Behind The Scenes - Generative Realities
Step 01
In Unreal Engine, I am using VaRest Blueprint nodes for API communication. I have a blank USoundwave variable that is set and overwritten each time the user confirms their audio input. I have created a custom C++ plugin to enable runtime USoundwave to Byte Array conversion. This is then converted to a Base64 string so it can be sent as a JSON object and doesn't require saving, storing or handling local audio files. I am using OpenAI's Whisper API to transcribe the user's voice input into a string. However, Whisper doesn't accept Base64 directly, so I am sending the converted Base64 from Unreal to a serverless AWS Lambda Function in order to temporarily re-convert it to WAV in the cloud. I set up an API Gateway from my Lambda Function so Unreal can communicate with it. The temporary WAV is sent to Whisper and the Transcription response is retrieved back in Unreal as a string.

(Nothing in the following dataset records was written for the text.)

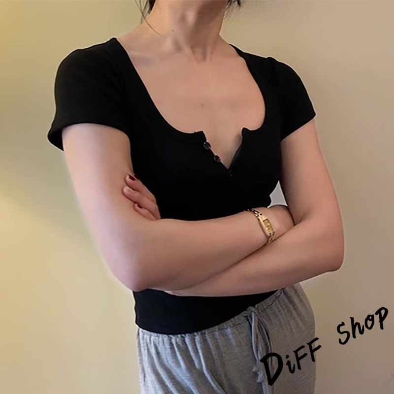 【DIFF】韓版復古鈕扣短版上衣 短袖上衣 衣服 夏天女裝 短板上衣 短版t恤 女裝 短袖t恤女 顯瘦上衣【T668】【T668】白色|【T668】淺灰色|【T668】黑色|【T668】咖色|【T668】橘紅色T-shirtsDiFF shop
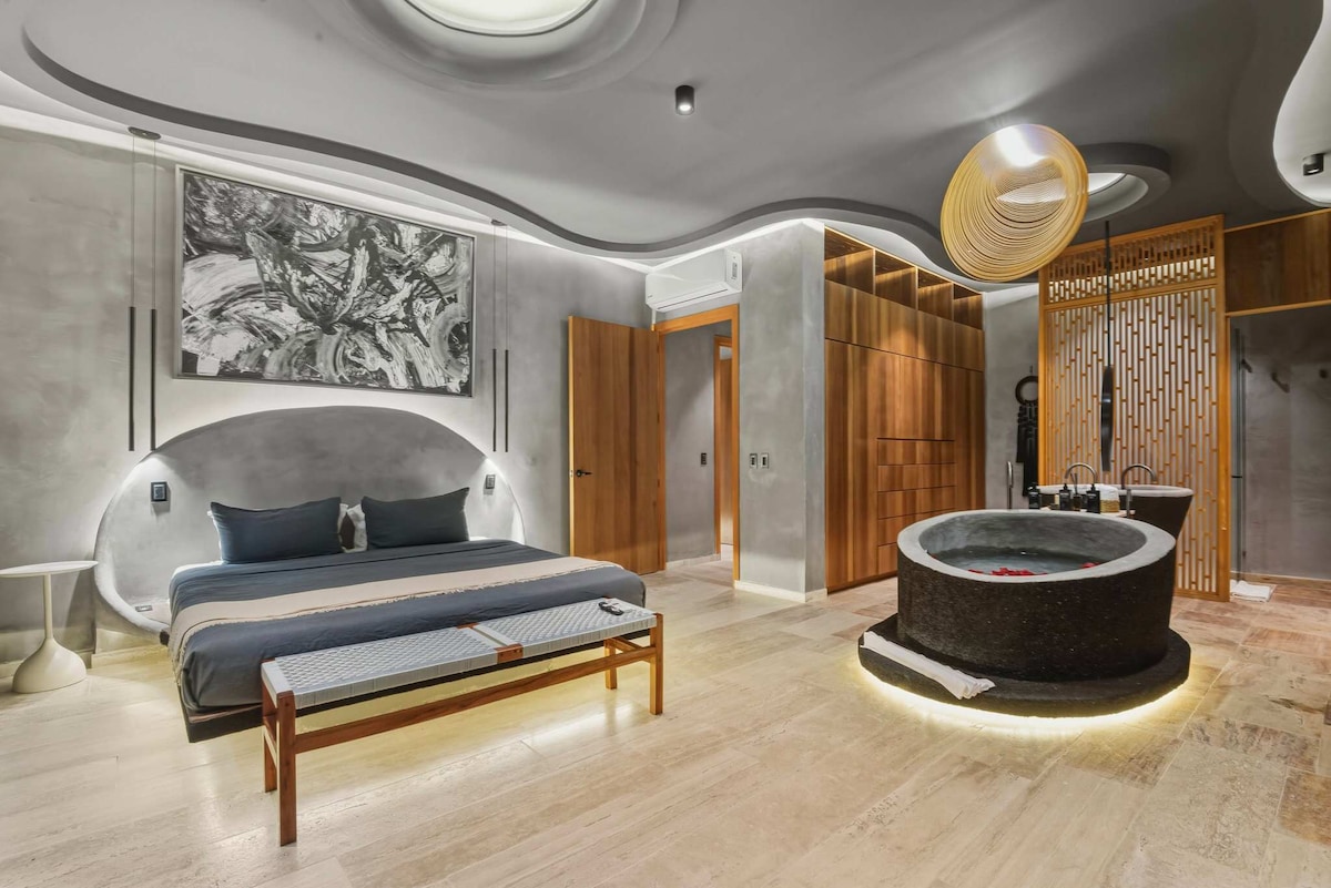 Ovaj prelijepi penthaus koji se nalazi među 5 najboljih smještaja u Tulumu za dizajn i udobnost, spaja prirodne teksture sa nevjerovatnim pogledom na džunglu od 180°. Veliki životni prostori besprekorno se miješaju s pogledom na džunglu, stvarajući mirnu i očaravajuću atmosferu. Uz mnogo pažnje uloženog u detalje, ovaj poseban penthaus je savršena mješavina otmjenih, prirodnih ljepota, luksuza i opuštanja. Nudi usluge konsijerža, privatnog kuvara, prevoz i sve što je potrebno za uživanje u vrhunskom iskustvu putovanja.
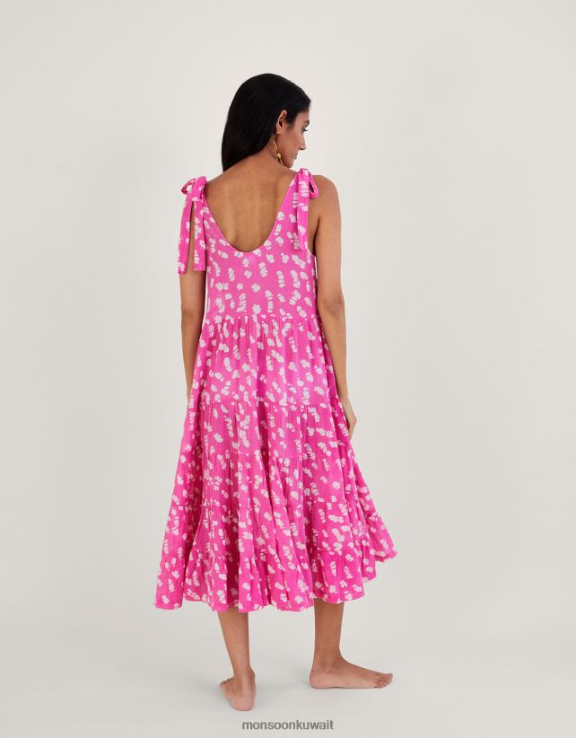 Monsoon معنى - فستان ميدي بطبقات وطبعات الباتيك ملابس لون القرنفل Monsoon نحيف N4BV8X1045
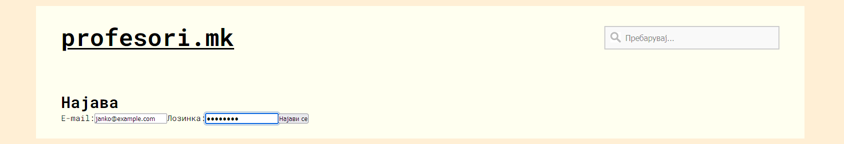 Најавата се врши преку кориснички интерфејс, со POST повик до сервисот за најава.

Custom C++ Plugin for Converting USoundwave to Byte Array at runtime
Blueprint workflow for taking audio recording & converting to Base64 string
Blueprint workflow for sending Base64 string to custom Lambda Function
Lambda Function to convert Base64 to temporary WAV file and send to OpenAI Whisper API. Transcription Response sent back as the response to the initial Unreal Request.
Step 02
Once the Transcription has been received back in Unreal Engine and stored as a string variable, it is sent to OpenAI's Assistants API. Inside the Assistant API is where I can instruct the AI to format their response in a way that I can easily parse back in Unreal, which enables me to send separate requests to ElevenLabs, BlockadeLabs, Vision etc all from one single response. I am using the latest GPT-4o model which has an incredibly fast response time. The structure of each Assistants API Response is: 1. An initial response to the Transcription (which includes an instruction to end on a question to prompt the user to naturally further the adventure), 2. A key word/phrase to trigger a BlockadeLabs request for a new environment, 3. A backend "prompt" that can be used to generate both the new visual and the sound effect generation that will be associated with it, 4. An integer that represents the style in which the visual will be generated in.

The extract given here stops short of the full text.